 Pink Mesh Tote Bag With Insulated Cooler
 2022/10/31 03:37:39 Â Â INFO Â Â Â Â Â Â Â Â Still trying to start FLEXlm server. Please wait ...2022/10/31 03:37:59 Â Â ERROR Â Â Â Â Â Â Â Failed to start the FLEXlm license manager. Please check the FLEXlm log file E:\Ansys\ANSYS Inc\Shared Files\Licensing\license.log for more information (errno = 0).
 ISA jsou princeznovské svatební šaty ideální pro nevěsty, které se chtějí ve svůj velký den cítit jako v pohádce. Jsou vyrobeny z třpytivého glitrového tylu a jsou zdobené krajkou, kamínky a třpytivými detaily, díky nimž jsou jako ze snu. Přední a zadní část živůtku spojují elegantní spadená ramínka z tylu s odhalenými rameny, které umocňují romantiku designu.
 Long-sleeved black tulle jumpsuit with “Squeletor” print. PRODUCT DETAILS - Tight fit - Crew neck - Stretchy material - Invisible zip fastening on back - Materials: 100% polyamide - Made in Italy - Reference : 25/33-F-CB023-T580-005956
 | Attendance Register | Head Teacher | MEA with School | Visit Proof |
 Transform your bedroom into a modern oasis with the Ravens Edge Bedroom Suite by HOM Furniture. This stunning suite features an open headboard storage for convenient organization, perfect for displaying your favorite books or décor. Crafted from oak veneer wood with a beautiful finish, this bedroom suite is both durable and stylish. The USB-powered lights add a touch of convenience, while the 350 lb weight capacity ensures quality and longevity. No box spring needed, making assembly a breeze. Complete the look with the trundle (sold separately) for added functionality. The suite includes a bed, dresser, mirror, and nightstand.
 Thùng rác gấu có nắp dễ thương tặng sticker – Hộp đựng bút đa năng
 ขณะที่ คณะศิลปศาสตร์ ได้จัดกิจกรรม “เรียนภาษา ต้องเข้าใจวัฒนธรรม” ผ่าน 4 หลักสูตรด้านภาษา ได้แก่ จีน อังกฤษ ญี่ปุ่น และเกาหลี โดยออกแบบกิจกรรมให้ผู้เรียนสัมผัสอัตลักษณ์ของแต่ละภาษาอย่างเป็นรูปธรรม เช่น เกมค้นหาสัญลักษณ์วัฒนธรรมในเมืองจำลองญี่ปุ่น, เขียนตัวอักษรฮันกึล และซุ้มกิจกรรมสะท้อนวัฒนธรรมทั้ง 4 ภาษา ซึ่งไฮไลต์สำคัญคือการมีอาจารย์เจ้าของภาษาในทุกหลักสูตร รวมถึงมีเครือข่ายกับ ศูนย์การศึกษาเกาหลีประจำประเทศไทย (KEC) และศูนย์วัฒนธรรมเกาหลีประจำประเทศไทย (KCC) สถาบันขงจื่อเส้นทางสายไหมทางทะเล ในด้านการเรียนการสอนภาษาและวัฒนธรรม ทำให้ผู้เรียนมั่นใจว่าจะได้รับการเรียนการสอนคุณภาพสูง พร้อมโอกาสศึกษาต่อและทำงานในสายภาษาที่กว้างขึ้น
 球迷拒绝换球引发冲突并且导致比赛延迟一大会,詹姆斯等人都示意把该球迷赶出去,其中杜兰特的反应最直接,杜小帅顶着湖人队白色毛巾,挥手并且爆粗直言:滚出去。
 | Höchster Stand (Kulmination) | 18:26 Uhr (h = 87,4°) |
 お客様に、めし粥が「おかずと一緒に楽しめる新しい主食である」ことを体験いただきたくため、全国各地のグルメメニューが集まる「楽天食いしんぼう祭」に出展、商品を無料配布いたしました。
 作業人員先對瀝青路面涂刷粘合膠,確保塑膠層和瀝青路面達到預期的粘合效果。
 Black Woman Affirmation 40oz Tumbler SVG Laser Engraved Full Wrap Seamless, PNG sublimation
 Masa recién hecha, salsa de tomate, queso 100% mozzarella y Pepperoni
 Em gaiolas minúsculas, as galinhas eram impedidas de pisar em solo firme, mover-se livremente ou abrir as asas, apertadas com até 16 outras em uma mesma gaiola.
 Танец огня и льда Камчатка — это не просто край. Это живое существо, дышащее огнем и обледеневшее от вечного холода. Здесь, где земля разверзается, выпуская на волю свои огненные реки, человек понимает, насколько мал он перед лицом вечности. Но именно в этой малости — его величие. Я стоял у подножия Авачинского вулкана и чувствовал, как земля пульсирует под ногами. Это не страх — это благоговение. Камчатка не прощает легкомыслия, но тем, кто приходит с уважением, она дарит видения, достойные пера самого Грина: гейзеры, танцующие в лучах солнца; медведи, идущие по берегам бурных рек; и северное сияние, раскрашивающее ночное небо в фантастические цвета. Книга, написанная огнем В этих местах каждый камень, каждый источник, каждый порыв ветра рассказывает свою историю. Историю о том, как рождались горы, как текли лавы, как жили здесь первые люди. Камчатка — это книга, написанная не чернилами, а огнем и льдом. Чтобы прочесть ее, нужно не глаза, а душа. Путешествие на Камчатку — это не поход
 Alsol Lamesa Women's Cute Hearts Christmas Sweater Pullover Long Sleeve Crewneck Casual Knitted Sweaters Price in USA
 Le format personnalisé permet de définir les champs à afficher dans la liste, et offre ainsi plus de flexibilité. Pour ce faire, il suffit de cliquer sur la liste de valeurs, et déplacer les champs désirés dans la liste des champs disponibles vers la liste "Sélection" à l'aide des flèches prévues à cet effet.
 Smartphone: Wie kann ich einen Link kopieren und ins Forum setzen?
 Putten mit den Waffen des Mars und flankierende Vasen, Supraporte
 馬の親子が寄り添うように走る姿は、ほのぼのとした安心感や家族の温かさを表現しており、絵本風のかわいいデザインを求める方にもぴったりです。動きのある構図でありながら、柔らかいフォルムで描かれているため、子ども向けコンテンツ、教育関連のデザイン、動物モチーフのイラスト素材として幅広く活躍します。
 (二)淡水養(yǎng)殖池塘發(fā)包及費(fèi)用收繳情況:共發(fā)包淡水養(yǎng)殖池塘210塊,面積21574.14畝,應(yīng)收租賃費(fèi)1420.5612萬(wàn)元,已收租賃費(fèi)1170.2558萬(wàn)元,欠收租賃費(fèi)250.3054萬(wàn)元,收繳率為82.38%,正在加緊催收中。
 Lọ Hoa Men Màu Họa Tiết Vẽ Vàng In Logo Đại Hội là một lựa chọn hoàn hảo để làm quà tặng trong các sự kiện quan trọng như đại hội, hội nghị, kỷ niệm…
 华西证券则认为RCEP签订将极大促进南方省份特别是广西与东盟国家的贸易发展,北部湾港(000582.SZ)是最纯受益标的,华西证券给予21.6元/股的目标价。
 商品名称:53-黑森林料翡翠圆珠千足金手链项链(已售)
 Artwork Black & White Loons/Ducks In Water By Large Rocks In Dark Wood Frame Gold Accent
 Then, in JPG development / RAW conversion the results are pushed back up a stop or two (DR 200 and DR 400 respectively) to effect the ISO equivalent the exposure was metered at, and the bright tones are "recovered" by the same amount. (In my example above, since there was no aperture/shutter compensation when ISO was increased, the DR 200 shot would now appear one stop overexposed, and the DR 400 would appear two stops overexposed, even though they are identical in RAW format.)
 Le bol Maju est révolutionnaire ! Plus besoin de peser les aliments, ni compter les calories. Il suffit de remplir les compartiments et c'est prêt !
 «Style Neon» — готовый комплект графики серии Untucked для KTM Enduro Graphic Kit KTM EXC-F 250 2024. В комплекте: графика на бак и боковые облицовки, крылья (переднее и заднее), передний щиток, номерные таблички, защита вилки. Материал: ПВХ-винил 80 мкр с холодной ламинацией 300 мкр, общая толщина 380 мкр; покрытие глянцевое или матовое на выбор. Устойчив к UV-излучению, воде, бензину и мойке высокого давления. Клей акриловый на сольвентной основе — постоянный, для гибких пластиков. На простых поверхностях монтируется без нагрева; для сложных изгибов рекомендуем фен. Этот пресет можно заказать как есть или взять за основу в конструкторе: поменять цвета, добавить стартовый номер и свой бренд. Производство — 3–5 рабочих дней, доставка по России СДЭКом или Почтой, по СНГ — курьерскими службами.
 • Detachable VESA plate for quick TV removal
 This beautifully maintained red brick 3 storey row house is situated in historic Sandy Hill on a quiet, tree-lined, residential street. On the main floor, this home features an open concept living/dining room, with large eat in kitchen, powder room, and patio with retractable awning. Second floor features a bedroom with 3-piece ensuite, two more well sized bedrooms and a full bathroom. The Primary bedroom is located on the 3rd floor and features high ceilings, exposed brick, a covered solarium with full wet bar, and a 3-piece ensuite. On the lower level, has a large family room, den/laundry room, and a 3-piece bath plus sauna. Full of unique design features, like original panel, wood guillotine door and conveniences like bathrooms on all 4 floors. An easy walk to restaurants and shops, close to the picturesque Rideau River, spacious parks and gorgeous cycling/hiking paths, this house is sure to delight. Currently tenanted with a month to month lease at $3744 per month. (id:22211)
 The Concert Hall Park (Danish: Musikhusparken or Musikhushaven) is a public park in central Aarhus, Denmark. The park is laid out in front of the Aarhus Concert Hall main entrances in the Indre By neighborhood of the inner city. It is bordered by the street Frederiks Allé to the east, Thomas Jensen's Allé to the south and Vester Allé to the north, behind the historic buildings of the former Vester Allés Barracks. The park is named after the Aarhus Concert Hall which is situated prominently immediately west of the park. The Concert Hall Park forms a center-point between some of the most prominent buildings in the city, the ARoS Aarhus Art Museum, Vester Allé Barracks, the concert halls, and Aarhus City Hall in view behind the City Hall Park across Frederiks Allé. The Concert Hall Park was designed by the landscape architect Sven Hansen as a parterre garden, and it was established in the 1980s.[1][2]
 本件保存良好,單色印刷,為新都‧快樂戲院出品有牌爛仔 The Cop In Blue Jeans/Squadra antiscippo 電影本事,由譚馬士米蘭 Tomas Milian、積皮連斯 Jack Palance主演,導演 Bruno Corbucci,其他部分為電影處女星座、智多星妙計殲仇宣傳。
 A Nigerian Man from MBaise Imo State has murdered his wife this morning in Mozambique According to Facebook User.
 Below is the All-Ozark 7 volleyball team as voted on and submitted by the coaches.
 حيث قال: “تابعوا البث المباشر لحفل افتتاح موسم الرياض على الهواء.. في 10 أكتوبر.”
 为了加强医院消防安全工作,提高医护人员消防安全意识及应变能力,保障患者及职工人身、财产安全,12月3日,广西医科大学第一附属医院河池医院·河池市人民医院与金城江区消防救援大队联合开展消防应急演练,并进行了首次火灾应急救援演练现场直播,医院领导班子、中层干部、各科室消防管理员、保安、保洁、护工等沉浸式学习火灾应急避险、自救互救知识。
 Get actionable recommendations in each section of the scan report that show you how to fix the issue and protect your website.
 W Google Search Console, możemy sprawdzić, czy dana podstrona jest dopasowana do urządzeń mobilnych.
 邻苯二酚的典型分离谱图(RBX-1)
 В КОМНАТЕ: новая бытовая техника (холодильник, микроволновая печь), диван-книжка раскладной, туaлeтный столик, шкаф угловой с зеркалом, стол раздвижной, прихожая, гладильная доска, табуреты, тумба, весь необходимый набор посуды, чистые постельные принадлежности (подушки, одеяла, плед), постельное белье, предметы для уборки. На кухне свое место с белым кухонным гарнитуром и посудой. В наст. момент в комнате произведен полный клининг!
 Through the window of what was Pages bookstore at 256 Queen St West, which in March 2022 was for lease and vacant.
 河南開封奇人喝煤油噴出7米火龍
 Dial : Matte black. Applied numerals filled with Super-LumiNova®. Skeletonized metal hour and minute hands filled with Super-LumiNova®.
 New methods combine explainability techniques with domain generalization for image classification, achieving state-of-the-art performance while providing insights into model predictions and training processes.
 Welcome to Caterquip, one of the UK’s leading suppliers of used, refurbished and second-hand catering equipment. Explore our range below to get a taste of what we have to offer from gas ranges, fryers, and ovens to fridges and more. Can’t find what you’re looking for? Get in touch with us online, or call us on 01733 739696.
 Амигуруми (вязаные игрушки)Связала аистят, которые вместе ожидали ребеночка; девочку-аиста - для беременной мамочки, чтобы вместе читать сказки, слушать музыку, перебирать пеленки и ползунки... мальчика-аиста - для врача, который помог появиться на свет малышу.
..............................
Everything from the line containing "2022/10/31 03:37:39 Â" through the line containing "ขณะที่ คณะศิลปศาสตร์ ได้จัดกิจกรรม" in the material above should be retyped exactly, both ends included, and nothing more.

 2022/10/31 03:37:39 Â Â INFO Â Â Â Â Â Â Â Â Still trying to start FLEXlm server. Please wait ...2022/10/31 03:37:59 Â Â ERROR Â Â Â Â Â Â Â Failed to start the FLEXlm license manager. Please check the FLEXlm log file E:\Ansys\ANSYS Inc\Shared Files\Licensing\license.log for more information (errno = 0).
 ISA jsou princeznovské svatební šaty ideální pro nevěsty, které se chtějí ve svůj velký den cítit jako v pohádce. Jsou vyrobeny z třpytivého glitrového tylu a jsou zdobené krajkou, kamínky a třpytivými detaily, díky nimž jsou jako ze snu. Přední a zadní část živůtku spojují elegantní spadená ramínka z tylu s odhalenými rameny, které umocňují romantiku designu.
 Long-sleeved black tulle jumpsuit with “Squeletor” print. PRODUCT DETAILS - Tight fit - Crew neck - Stretchy material - Invisible zip fastening on back - Materials: 100% polyamide - Made in Italy - Reference : 25/33-F-CB023-T580-005956
 | Attendance Register | Head Teacher | MEA with School | Visit Proof |
 Transform your bedroom into a modern oasis with the Ravens Edge Bedroom Suite by HOM Furniture. This stunning suite features an open headboard storage for convenient organization, perfect for displaying your favorite books or décor. Crafted from oak veneer wood with a beautiful finish, this bedroom suite is both durable and stylish. The USB-powered lights add a touch of convenience, while the 350 lb weight capacity ensures quality and longevity. No box spring needed, making assembly a breeze. Complete the look with the trundle (sold separately) for added functionality. The suite includes a bed, dresser, mirror, and nightstand.
 Thùng rác gấu có nắp dễ thương tặng sticker – Hộp đựng bút đa năng
 ขณะที่ คณะศิลปศาสตร์ ได้จัดกิจกรรม “เรียนภาษา ต้องเข้าใจวัฒนธรรม” ผ่าน 4 หลักสูตรด้านภาษา ได้แก่ จีน อังกฤษ ญี่ปุ่น และเกาหลี โดยออกแบบกิจกรรมให้ผู้เรียนสัมผัสอัตลักษณ์ของแต่ละภาษาอย่างเป็นรูปธรรม เช่น เกมค้นหาสัญลักษณ์วัฒนธรรมในเมืองจำลองญี่ปุ่น, เขียนตัวอักษรฮันกึล และซุ้มกิจกรรมสะท้อนวัฒนธรรมทั้ง 4 ภาษา ซึ่งไฮไลต์สำคัญคือการมีอาจารย์เจ้าของภาษาในทุกหลักสูตร รวมถึงมีเครือข่ายกับ ศูนย์การศึกษาเกาหลีประจำประเทศไทย (KEC) และศูนย์วัฒนธรรมเกาหลีประจำประเทศไทย (KCC) สถาบันขงจื่อเส้นทางสายไหมทางทะเล ในด้านการเรียนการสอนภาษาและวัฒนธรรม ทำให้ผู้เรียนมั่นใจว่าจะได้รับการเรียนการสอนคุณภาพสูง พร้อมโอกาสศึกษาต่อและทำงานในสายภาษาที่กว้างขึ้น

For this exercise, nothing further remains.